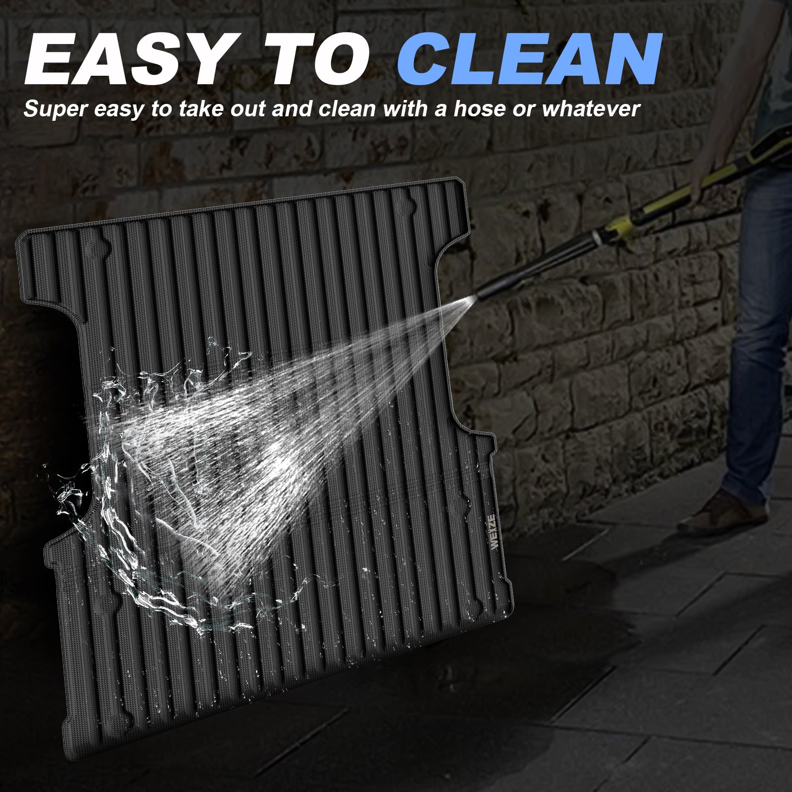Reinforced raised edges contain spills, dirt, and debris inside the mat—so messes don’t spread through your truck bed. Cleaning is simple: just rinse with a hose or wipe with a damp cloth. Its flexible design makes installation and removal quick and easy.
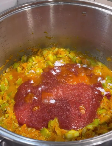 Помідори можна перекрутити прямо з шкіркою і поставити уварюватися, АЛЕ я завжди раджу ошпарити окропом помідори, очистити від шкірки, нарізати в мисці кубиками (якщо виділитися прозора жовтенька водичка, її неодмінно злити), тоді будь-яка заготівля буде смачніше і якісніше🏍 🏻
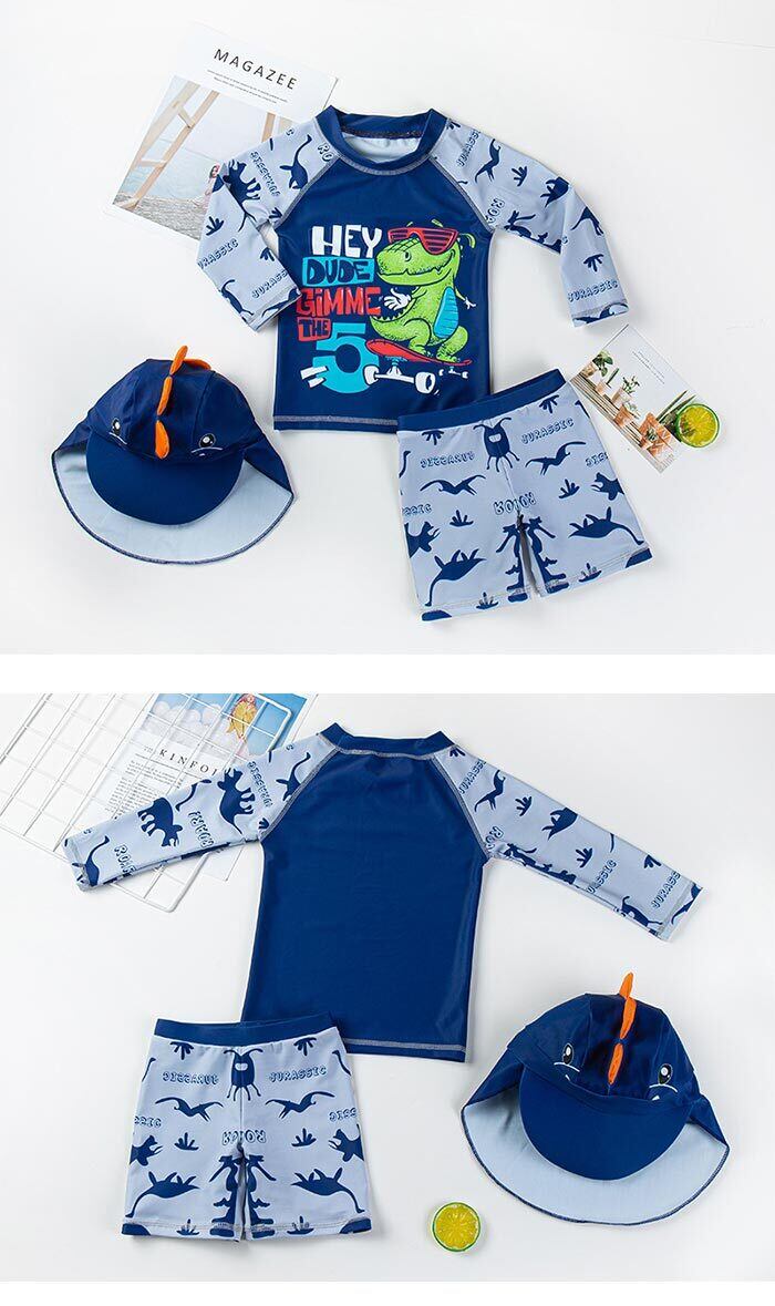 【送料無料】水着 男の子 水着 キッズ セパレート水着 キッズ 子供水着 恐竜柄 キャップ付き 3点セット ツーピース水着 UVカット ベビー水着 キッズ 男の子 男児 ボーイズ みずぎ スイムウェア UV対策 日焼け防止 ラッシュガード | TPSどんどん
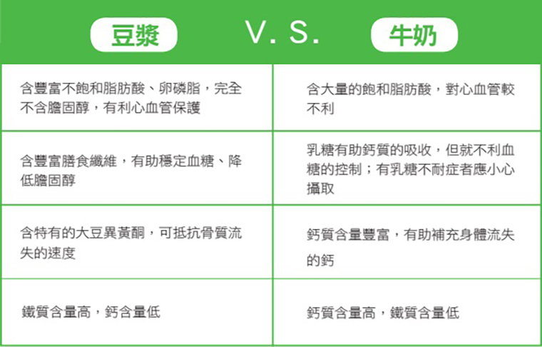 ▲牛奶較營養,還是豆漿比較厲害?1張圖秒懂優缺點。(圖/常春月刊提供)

-*-

Reproduce the material exactly. Pictures stay out.

Reinforced raised edges contain spills, dirt, and debris inside the mat—so messes don’t spread through your truck bed. Cleaning is simple: just rinse with a hose or wipe with a damp cloth. Its flexible design makes installation and removal quick and easy.
 Помідори можна перекрутити прямо з шкіркою і поставити уварюватися, АЛЕ я завжди раджу ошпарити окропом помідори, очистити від шкірки, нарізати в мисці кубиками (якщо виділитися прозора жовтенька водичка, її неодмінно злити), тоді будь-яка заготівля буде смачніше і якісніше🏍 🏻
 【送料無料】水着 男の子 水着 キッズ セパレート水着 キッズ 子供水着 恐竜柄 キャップ付き 3点セット ツーピース水着 UVカット ベビー水着 キッズ 男の子 男児 ボーイズ みずぎ スイムウェア UV対策 日焼け防止 ラッシュガード | TPSどんどん
 ▲牛奶較營養,還是豆漿比較厲害?1張圖秒懂優缺點。(圖/常春月刊提供)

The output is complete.